▶ **EXERCISE DIRECTIONS**
Using the data below, return word for word every line from the one holding "३०३औं पृथ्वी जयन्ती" down to the one holding "Sparkle Petal Leopard". Leave pictures out.

▶ **SUPPLIED MATERIAL**

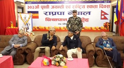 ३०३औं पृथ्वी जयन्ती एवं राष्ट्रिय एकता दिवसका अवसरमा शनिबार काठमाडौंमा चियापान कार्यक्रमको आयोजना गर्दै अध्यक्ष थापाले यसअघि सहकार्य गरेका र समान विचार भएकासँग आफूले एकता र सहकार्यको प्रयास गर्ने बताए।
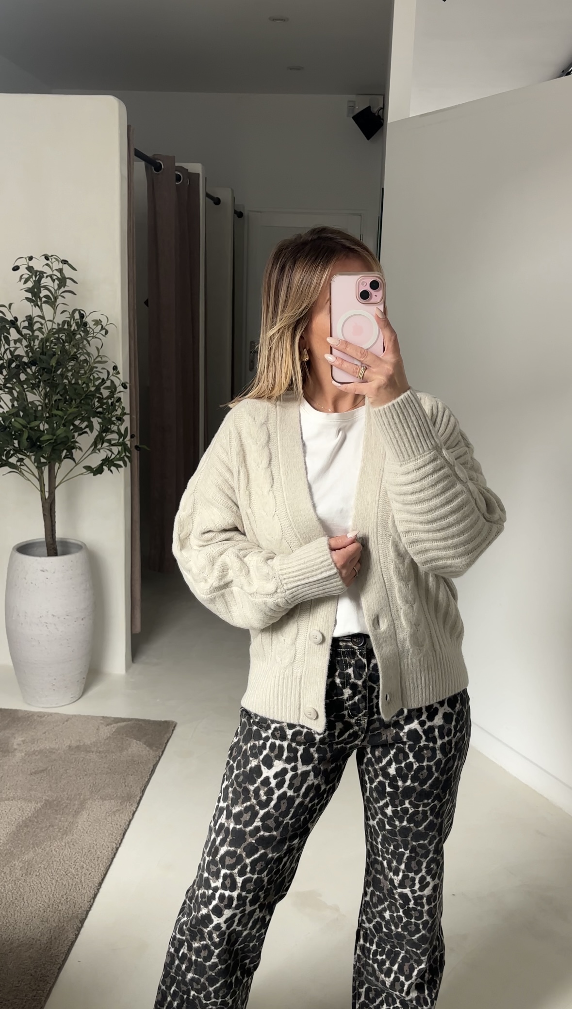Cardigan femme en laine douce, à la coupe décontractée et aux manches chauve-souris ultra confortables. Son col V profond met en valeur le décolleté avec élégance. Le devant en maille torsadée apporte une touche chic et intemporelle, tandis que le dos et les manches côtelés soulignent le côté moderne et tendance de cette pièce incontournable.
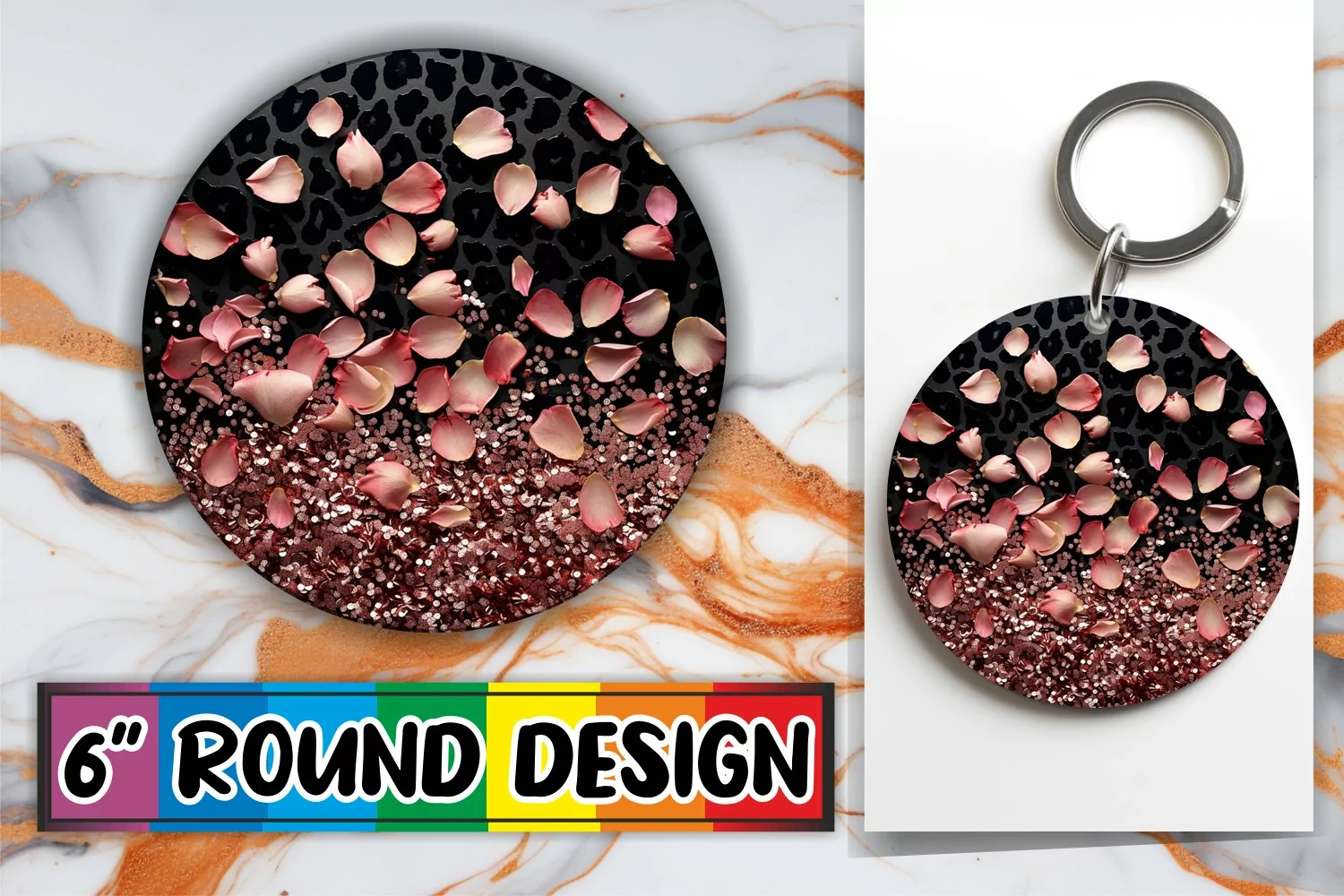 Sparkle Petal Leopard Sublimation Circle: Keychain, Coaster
* * *
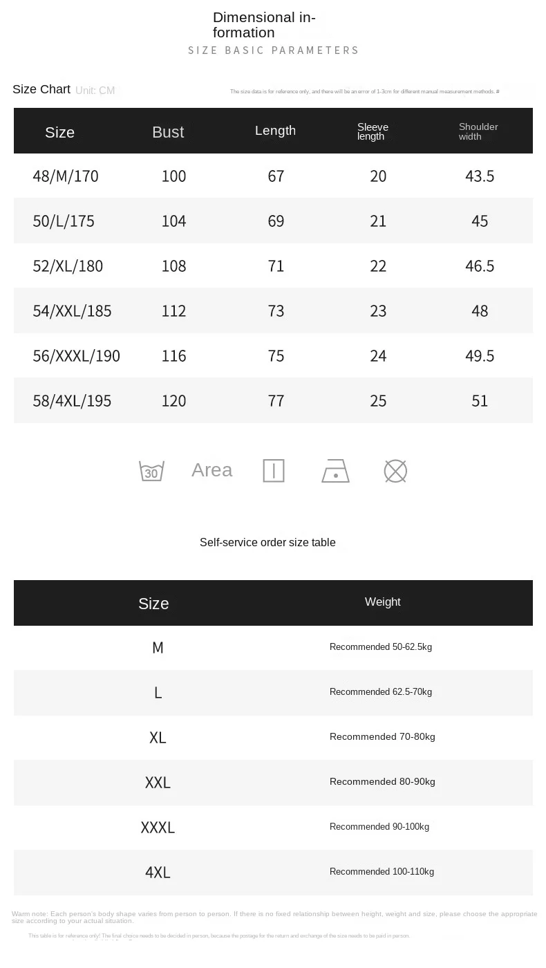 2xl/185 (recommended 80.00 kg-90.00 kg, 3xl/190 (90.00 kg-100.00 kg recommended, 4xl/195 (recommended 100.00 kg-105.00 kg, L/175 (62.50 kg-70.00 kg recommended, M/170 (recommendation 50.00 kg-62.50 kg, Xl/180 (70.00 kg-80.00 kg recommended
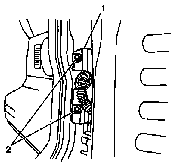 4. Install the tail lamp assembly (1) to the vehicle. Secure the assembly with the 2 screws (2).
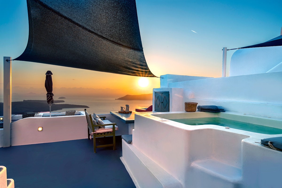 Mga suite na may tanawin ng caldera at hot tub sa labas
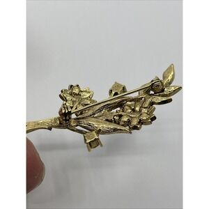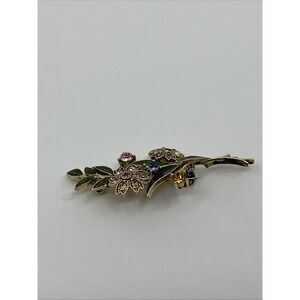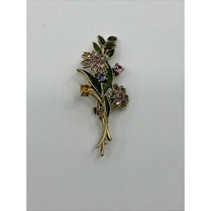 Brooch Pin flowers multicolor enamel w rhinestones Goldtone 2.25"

▶ **TASK SOLUTION**
 ३०३औं पृथ्वी जयन्ती एवं राष्ट्रिय एकता दिवसका अवसरमा शनिबार काठमाडौंमा चियापान कार्यक्रमको आयोजना गर्दै अध्यक्ष थापाले यसअघि सहकार्य गरेका र समान विचार भएकासँग आफूले एकता र सहकार्यको प्रयास गर्ने बताए।
Cardigan femme en laine douce, à la coupe décontractée et aux manches chauve-souris ultra confortables. Son col V profond met en valeur le décolleté avec élégance. Le devant en maille torsadée apporte une touche chic et intemporelle, tandis que le dos et les manches côtelés soulignent le côté moderne et tendance de cette pièce incontournable.
 Sparkle Petal Leopard Sublimation Circle: Keychain, Coaster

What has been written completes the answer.